SHIYE VAGMAN (JOSHUA WAGMAN) (1834-May 22, 1912)
He was born in Kiev, Ukraine. He received a traditional Jewish education, later becoming a follower of the Jewish Enlightenment. He lived in Odessa until 1878, and from there he moved to the United States. He lived in New York until 1895, after that in other American cities, and in 1909 back to New York. He published in: Hamelits (The advocate), Kol mevaser (Herald), and Nyu yorker yudishe folkstsaytung (New York Jewish people’s newspaper) (1866-1889), in which he administered for the first time in the Yiddish press his division “Der shpigl” (The mirror) which in an easy-going form illuminated fast-moving events. Over the years 1890-1895, he was editor of the weekly newspaper Der telegraf (The telegraph) in New York, which he filled out by himself almost completely. He published Der teglikher telegraf (The daily telegraph) in 1895, which appeared for a short time only. After this he contributed to Dovid Apoteker’s monthly periodical Gegenvart (The present) in Philadelphia and published newspapers in various cities, such as: Filadelfyer post (Philadelphia mail), 1898 in Philadelphia; Der shpigl in Chicago; and in Cincinnati and Minneapolis. He was known as an uncompromising fighter for Jewish Orthodoxy in America. Of his many newspaper novels, a few appeared separately as books: Di aristokratishe kale (The aristocratic bride) (New York, 1893), 319 pp.; Di sheyne tirkin (The beautiful Turkish girl) (New York, 1892), 479 pp.; and Don-kikhot (Don Quixote); among others. He died in New York.

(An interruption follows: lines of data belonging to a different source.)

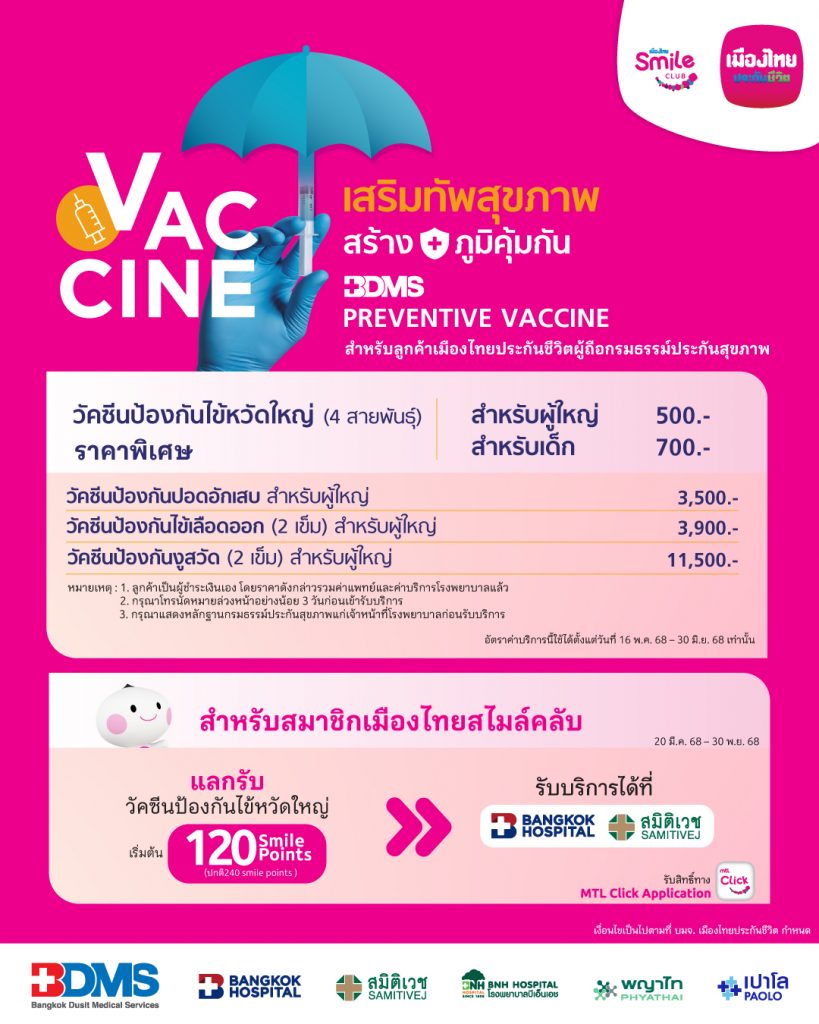 สำหรับผู้ใหญ่ ราคา 3,500 บาท วัคซีนป้องกันโรคไข้เลือดออกสำหรับผู้ใหญ่ (2 เข็ม) รวมราคา 3,900 บาท และวัคซีนป้องกันโรคงูสวัดสำหรับผู้ใหญ่ (2 เข็ม) รวมราคา 11,500 บาท โดยผู้ถือกรมธรรม์ประกันสุขภาพของเมืองไทยประกันชีวิต สามารถแสดงหลักฐานเพื่อเข้ารับบริการได้ ณ โรงพยาบาลในเครือ BDMS ทั่วประเทศ ตั้งแต่วันที่ 16 พฤษภาคม 2568 – 30 มิถุนายน 2568 โดยผู้ที่สนใจสามารถสอบถามรายละเอียดเพิ่มเติม ได้ที่โรงพยาบาลในเครือ BDMS ทั่วประเทศ
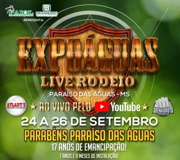 Está confirmada a data da realização da Expoáguas 2020 Live Rodeio, sem público. De 24 a 26 de setembro, a partir das 19h, desta vez para o mundo, com alcance de mais de 100 mil pessoas, pelos canais Atlants TV (clique aqui), Arena Bruta (clique aqui) e Facebook.
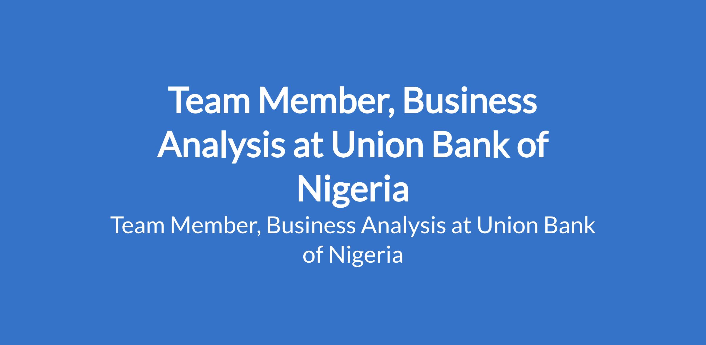 Team Member, Business Analysis at Union Bank of Nigeria
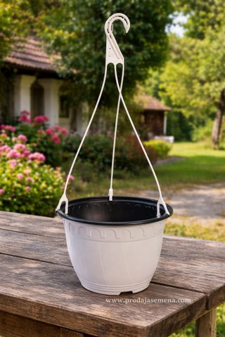 Ova viseća saksija je idealna za sve vrste cveća narocito za cvce koje pada u slapovima ili lozice . Napravljena je od prilicno fleksibilne plastike debljine oko 0,5–0,6 mm, sa ojačanim rubovima oko zakačke i blago reljefnim šarama spolja što joj daje dekorativan izgled i dodatnu čvrstoću.
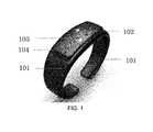 FIG. 1 is a first example of a wearable key fob. Awrist band101 includes akey fob102. Thekey fob102 has aface103 and aconnector104. Theconnector104 attached thekey fob102 to thebracelet101 to enable a user to wear thekey fob102. Thekey fob102 is detachable from thewrist band101 at theconnector104. Thekey fob102 securely fits back into thewrist band101 after it is removed.
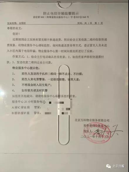 “近期,接到業(yè)主反映有冒充順豐快遞送貨,然后給業(yè)主發(fā)收款二維碼收取快遞費的現(xiàn)象,我們調(diào)取了監(jiān)控、詢問了快遞送貨員,查證冒充人員并未進入小區(qū)內(nèi),而是采取了電信詐騙的方式,他的作案手段就是先給業(yè)主打電話確認業(yè)主沒在家,然后聲稱有到付快遞,發(fā)送收款二維碼讓業(yè)主付款。我們已經(jīng)第一時間向派出所報了警,并且在業(yè)主群和各樓門的公告欄發(fā)布了提醒。”榮尊堡物業(yè)項目經(jīng)理董冬冬說,需要提醒大家,陌生人來電需警惕,一定要核實清楚,陌生人發(fā)送的鏈接和二維碼一律不點擊、不掃描。
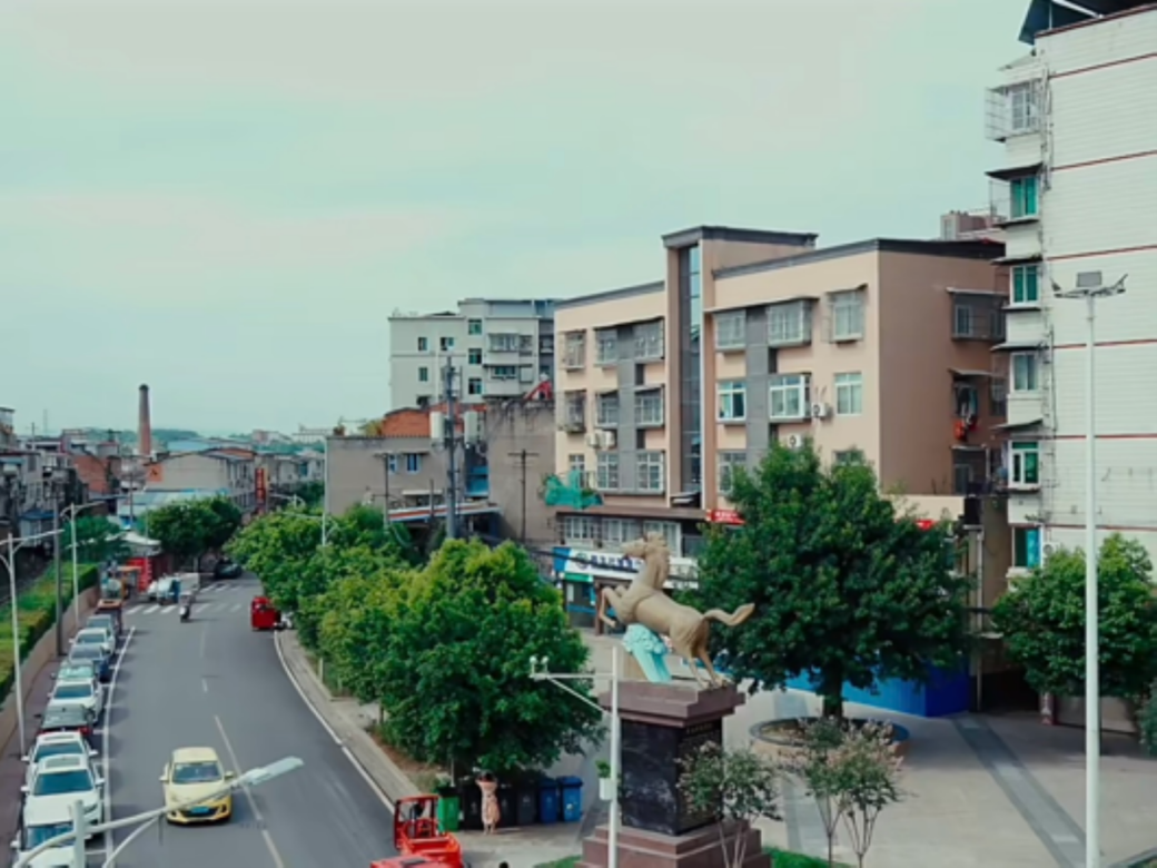旧照里,河岸绿化较少,环境较为杂乱;新照片中,岸线整治和绿化提升已完成,生态状况明显改善。如某乡镇广场,十年前建筑老旧、绿化单一(如图 3 );如今街道整洁、绿树成荫,生态与人居共融(如图 4 ),见证 了“绿色发展” 理念落地。

Sources: Zalmen Reyzen, Leksikon, vol. 1; D. B. Tirkel, in Der pinkes (from the American division of YIVO) (New York, 1928), p. 261; Dr. A. Ginzburg, in Forverts (New York) (April 23, 1932); Elye Shulman, Geshikhte fun der yidisher literatur in amerike (History of Yiddish literature in America) (New York, 1943), p. 90; Kalmen Marmor, Der onhoyb fun der yidisher literatur in amerike (The beginning of Yiddish literature in America) (New York, 1944), pp. 35-37; Y. Tsuzmer, Beikve hador (At the edge of the generation) (New York, 1957), p. 207.